ACTIVITY:
Nothing but the lines below from the one containing "충남도는 ‘2026년 지적통계*’" through the one containing "Autoon pääsen, mä" should appear in the answer, exact and without pictures.

[[ MATERIAL FOR THE TASK open ]]

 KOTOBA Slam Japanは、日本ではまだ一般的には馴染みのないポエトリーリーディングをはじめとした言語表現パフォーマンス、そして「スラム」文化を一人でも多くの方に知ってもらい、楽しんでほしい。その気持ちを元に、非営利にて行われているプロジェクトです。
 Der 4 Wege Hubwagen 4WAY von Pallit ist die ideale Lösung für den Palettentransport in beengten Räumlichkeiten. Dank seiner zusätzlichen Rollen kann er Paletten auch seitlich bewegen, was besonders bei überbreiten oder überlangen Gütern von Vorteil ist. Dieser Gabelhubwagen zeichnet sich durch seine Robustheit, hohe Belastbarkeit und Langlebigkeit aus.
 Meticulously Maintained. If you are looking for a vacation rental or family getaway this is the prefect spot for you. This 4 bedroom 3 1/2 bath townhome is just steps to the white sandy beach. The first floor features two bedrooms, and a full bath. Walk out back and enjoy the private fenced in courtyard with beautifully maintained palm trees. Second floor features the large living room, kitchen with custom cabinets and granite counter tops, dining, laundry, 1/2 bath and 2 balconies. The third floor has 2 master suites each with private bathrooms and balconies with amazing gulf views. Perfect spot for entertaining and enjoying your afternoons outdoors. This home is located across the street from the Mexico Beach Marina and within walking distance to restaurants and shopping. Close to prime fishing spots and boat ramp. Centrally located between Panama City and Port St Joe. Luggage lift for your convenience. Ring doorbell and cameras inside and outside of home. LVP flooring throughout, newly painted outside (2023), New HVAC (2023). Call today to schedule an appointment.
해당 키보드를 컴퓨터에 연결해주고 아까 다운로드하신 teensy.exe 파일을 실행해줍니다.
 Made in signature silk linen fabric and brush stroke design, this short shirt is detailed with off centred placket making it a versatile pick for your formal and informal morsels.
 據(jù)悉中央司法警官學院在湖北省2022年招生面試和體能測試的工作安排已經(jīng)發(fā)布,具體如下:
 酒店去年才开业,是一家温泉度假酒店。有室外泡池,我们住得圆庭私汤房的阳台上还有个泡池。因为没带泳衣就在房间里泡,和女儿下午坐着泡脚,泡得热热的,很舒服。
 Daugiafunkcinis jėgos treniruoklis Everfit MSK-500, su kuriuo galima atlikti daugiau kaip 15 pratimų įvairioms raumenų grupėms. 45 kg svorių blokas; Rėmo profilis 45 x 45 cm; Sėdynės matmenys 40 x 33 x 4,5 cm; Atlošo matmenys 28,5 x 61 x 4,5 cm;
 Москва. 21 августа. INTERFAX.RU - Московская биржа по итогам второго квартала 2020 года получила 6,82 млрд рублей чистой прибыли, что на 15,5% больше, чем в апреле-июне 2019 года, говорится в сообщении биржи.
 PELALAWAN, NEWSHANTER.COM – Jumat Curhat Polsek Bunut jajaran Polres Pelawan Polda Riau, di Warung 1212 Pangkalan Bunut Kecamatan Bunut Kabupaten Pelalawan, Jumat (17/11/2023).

[[ MATERIAL FOR THE TASK closed ]]
[[ MATERIAL FOR THE TASK open ]]

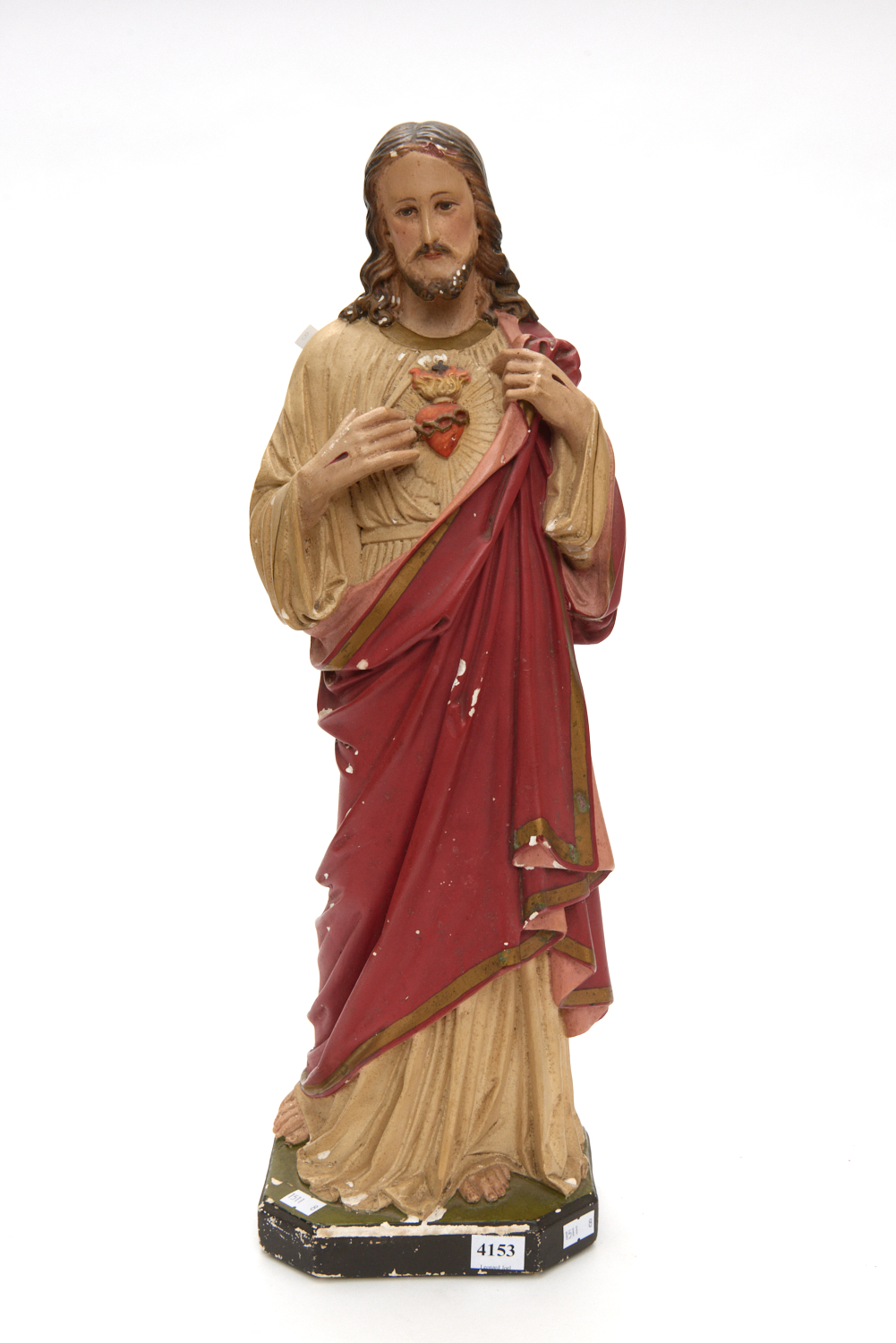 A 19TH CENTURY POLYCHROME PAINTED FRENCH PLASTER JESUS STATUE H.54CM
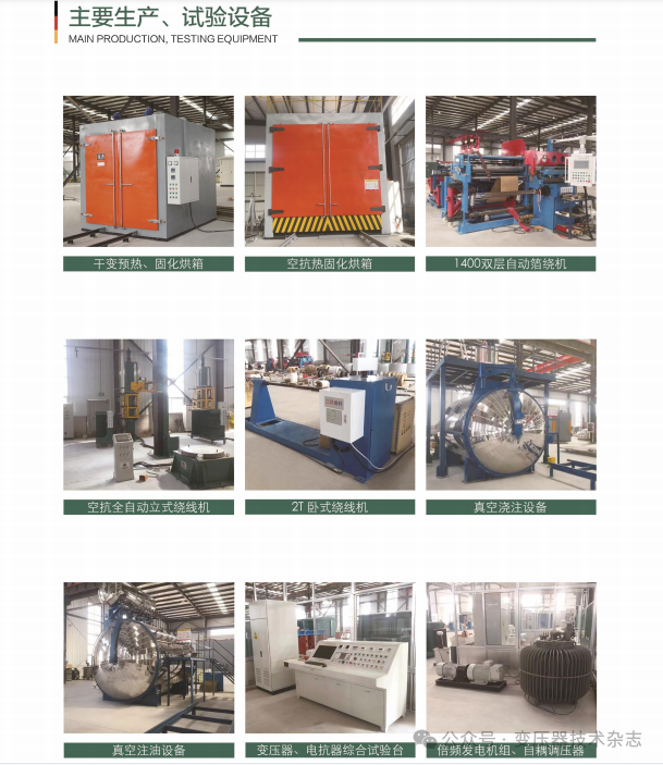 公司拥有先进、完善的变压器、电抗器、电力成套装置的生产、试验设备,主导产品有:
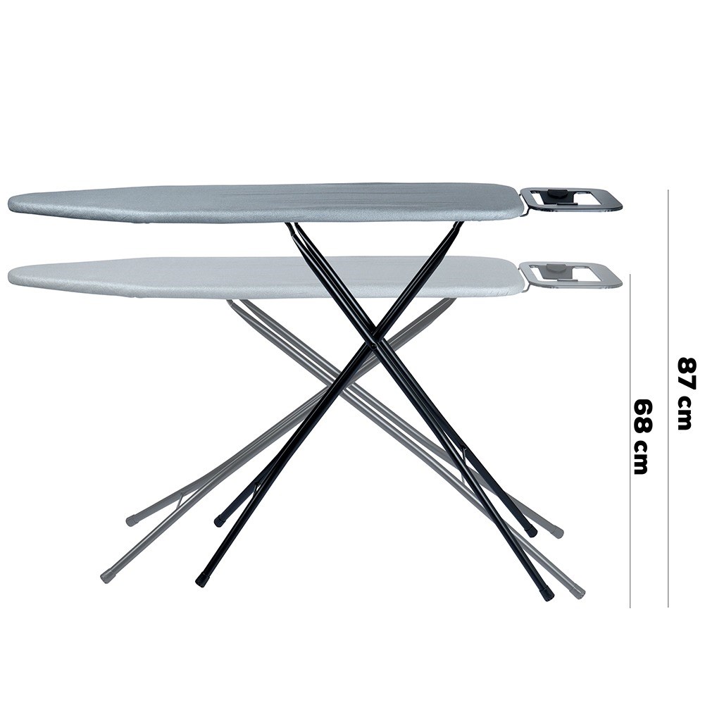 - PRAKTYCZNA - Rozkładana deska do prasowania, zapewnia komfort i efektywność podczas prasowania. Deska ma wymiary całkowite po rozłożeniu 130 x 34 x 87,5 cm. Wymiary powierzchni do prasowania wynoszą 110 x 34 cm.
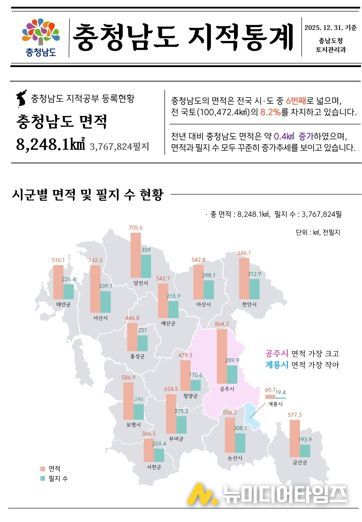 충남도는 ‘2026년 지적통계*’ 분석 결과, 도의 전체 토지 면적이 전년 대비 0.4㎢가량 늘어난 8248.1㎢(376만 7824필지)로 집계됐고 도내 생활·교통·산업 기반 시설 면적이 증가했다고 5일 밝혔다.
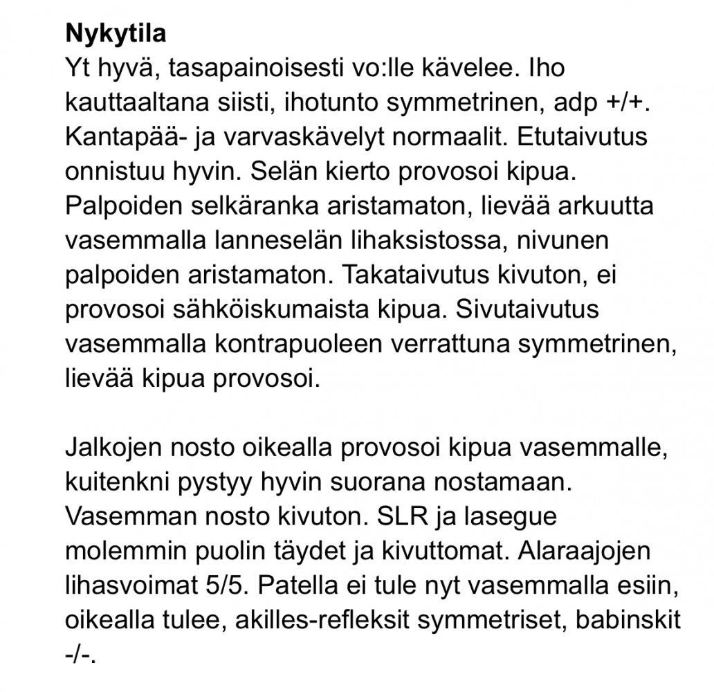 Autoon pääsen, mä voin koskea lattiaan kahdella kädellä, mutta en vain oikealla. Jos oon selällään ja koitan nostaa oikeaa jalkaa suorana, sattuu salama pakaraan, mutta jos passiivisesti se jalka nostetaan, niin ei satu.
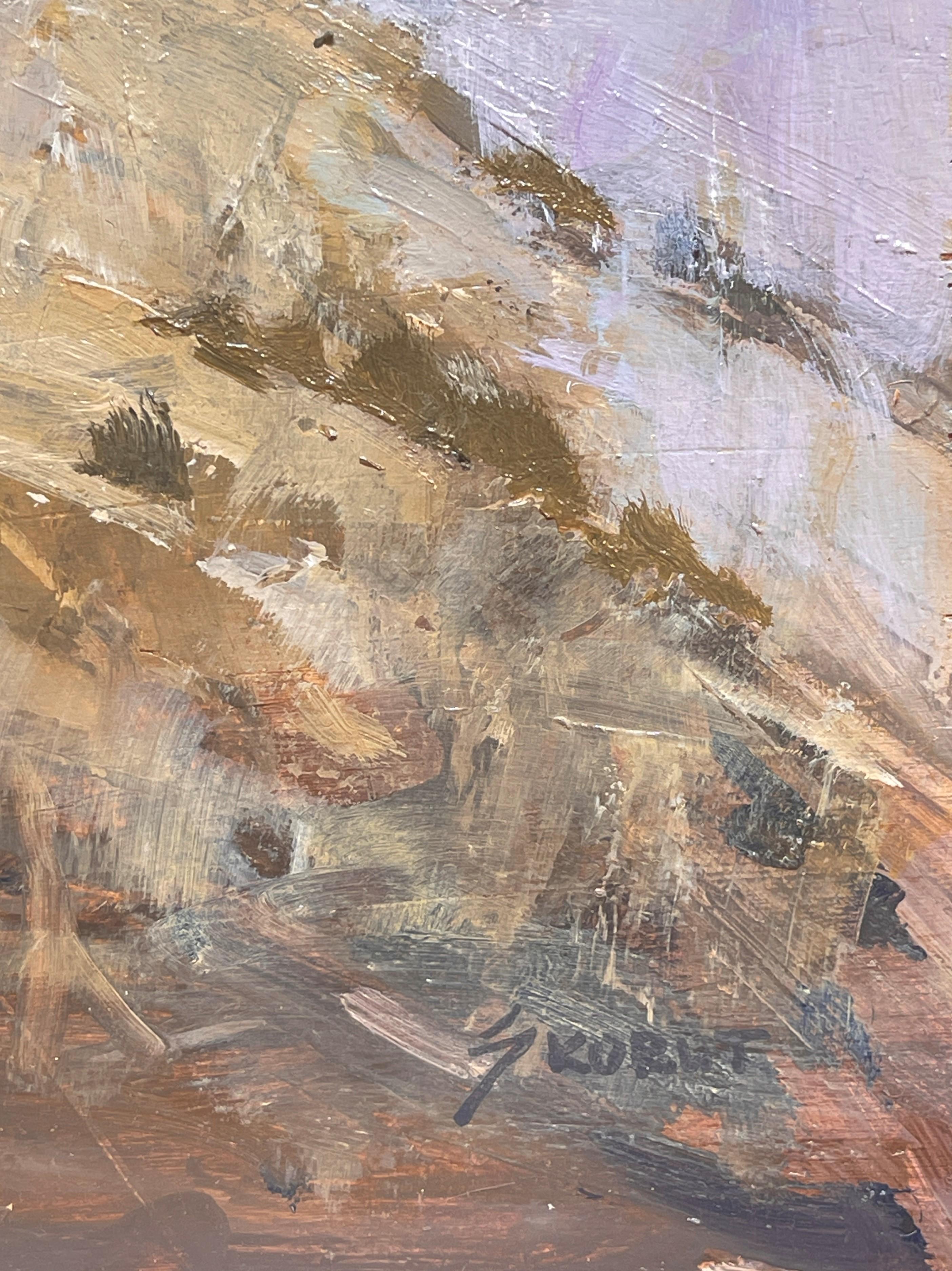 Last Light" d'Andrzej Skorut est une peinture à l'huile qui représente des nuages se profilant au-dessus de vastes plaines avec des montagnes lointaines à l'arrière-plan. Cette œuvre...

[[ MATERIAL FOR THE TASK closed ]]
[[ MATERIAL FOR THE TASK open ]]

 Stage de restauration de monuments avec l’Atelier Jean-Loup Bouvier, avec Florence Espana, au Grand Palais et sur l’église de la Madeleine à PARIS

[[ MATERIAL FOR THE TASK closed ]]

YOUR SOLUTION:
 충남도는 ‘2026년 지적통계*’ 분석 결과, 도의 전체 토지 면적이 전년 대비 0.4㎢가량 늘어난 8248.1㎢(376만 7824필지)로 집계됐고 도내 생활·교통·산업 기반 시설 면적이 증가했다고 5일 밝혔다.
 Autoon pääsen, mä voin koskea lattiaan kahdella kädellä, mutta en vain oikealla. Jos oon selällään ja koitan nostaa oikeaa jalkaa suorana, sattuu salama pakaraan, mutta jos passiivisesti se jalka nostetaan, niin ei satu.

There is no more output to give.